I find the crop of relatively recent “lifestyle DNA” DTC testing companies maddening. Some offered tests merely detect patterns of SNPs, each of which contributes a vanishingly small degree to a trait. I wouldn’t make a life-altering decision on finding a SNP association, not even to eat more Brussels sprouts. Reading a palm or tea leaves would be about as useful.
Some “lifestyle” companies test DNA tangentially linked to something like metabolism or muscle function and package the results as a pitch for costly and supposedly personalized vitamin supplements. This is an old story. See “GAO Concludes DTC Genetic Tests Mislead Consumers,” the classic take-down of “nutrigenetics” companies by investigators from the Government Accountability Office. Twelve years later, things haven’t changed.
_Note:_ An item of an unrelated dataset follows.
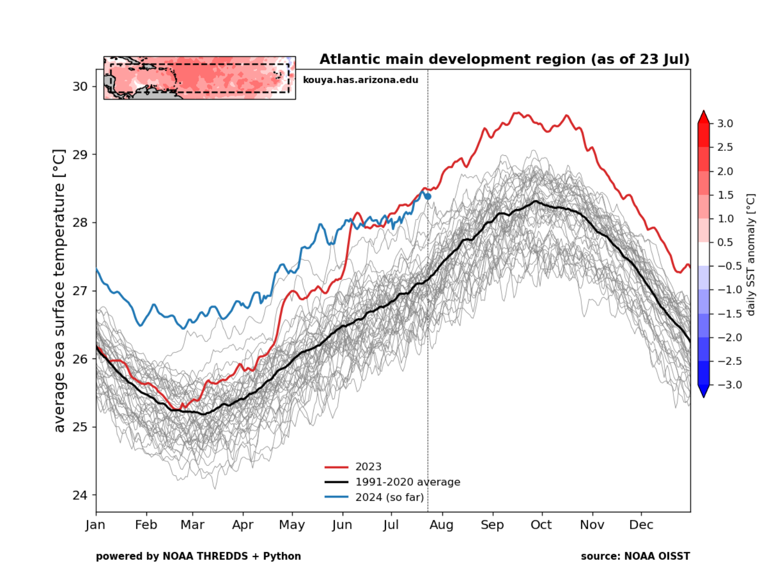 The plot provided by Michael also demonstrates that climatologically, we have passed the peak. This also indicates that the dust should become less of an impending factor as we enter August. When this element is combined with the fact that the MJO could be moving into a more positive active state over the Atlantic Basin the second week of August, the spring will be fully loaded. Less dust due to climatology, a rising phase of the MJO that is more conducive to thunderstorm development, near-record warm sea surface temperatures, and less wind shear due to cooling La Nina conditions in the tropical Pacific. These climate forcers provide the opportunity for a period of hyperactivity right at the peak of when climatological the insurance industry should expect the most activity.

Companies exploit lack of consumer knowledge about genetics to sell pricy products.
12 Types of Genetic Tests, in Context
Here’s a rundown of the types of DNA tests, from largest to smallest.
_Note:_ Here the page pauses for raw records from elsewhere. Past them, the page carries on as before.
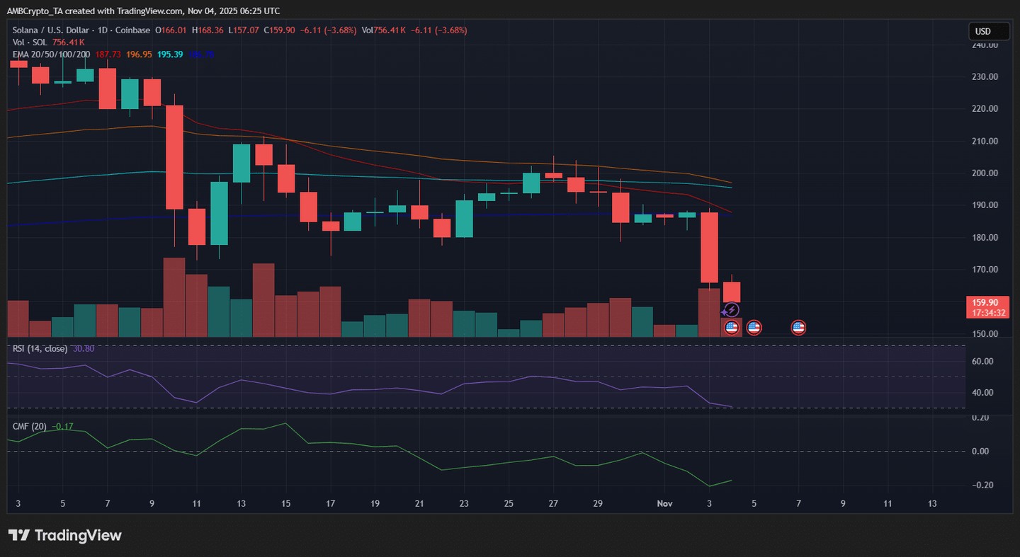 Solana’s daily chart showed price slipping to around $159 at press time, with sellers still in control. EMA lines remained stacked above price, showing continued downside pressure. RSI was close to oversold territory.
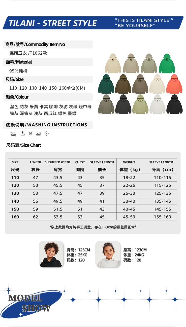 TILANI 아동복 유럽과 미국 24 봄 새로운 340G 테리 코튼 소년과 소녀 후드 웨어스토어 가기
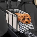 - 𝐒𝐥𝐢𝐝𝐢𝐧𝐠 𝐏𝐫𝐞𝐯𝐞𝐧𝐭𝐢𝐨𝐧 --- This new version center console bag has two straps on left and right sides that can be attached to the driver's and passenger's seat headrests. The puppy console car seat prevents the bag from sliding during car rides and ensures your dog's safety. The end of straps have metal hooks for quick detachment and can also be used as shoulder straps when the bag is not in use

- Comparing genome sequences among living species illuminates shared ancestry and evolution.
- Clinical whole genome sequencing can diagnose or initially describe a very rare disease that has eluded all other methods.
- Exome sequencing of sick children and their parents – trios – can distinguish whether the child has a new and dominant mutation in a protein-encoding gene or has inherited two gene variants that cause the condition, one from each parent.
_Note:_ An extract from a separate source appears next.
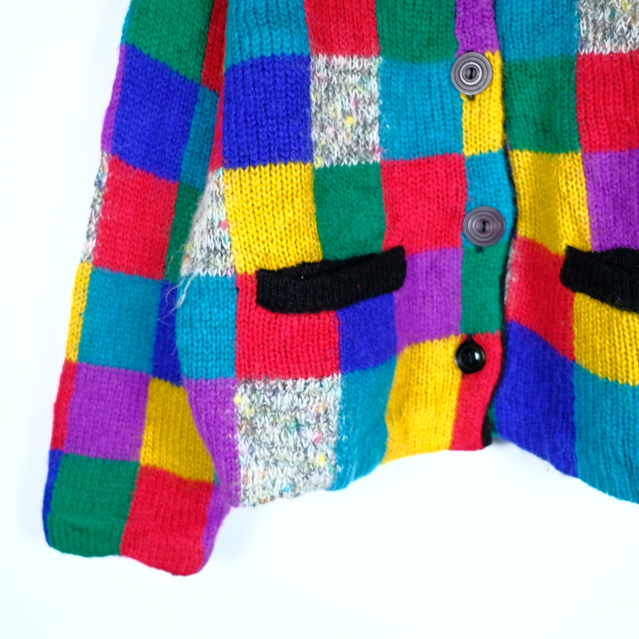 1980s ビンテージ カラフルブロックチェック ニットセーター ジャケット

- Karyotype charts display missing, extra, inverted, or moved chromosomes.
- Chromosomal microarray tests reveal extra and missing chromosome regions.
- Gene panels test for mutations in functionally related genes, such as for neurological and cardiac diseases.
- Mutations in single genes may cause a disease or trait or raise the risk of developing a condition, like breast cancer.
- Mutations in DNA sequences that do not encode protein may control the expression of protein-encoding genes or be repeats.
- Genome-wide association studies amass single nucleotide polymorphism (SNP) patterns that may be linked to specific traits. Here’s a recent SNP study that made headlines about genetic variants associated with educational attainment. The 1271 catalogued SNPs explain about 10% of the variation in educational attainment – that’s not the same as explaining 10% of the trait itself, a common misconception in media coverage.
- Y chromosome sequences and mitochondrial DNA sequences trace paternal and maternal ancestry, respectively, but only represent a tiny percentage of a person’s ancestors. Ancestry testing tells more when it includes autosomal (non-sex-chromosome) DNA sequences.
- Repeats such as STRs are used to distinguish individuals, match a person to crime scene biological evidence, identify remains, and reunite families.
- Gene expression profiling indicates how actively sets of genes are being transcribed into RNA, the first step in synthesizing proteins. Often news releases pitch stories about patterns of mutations that are really patterns of gene expression – not at all the same thing. That’s what happened with reporting earlier this year comparing gene expression patterns between an astronaut in space and his earthbound identical twin – of course they differed, everything we do changes gene expression!
Until media coverage of the consequences of DNA testing includes more quotes from geneticists, the folks who interpret DNA testing in the news – the activists, lawyers, bioethicists, journalists, and politicians – need to consider, and communicate, exactly what a specific DNA test actually tests.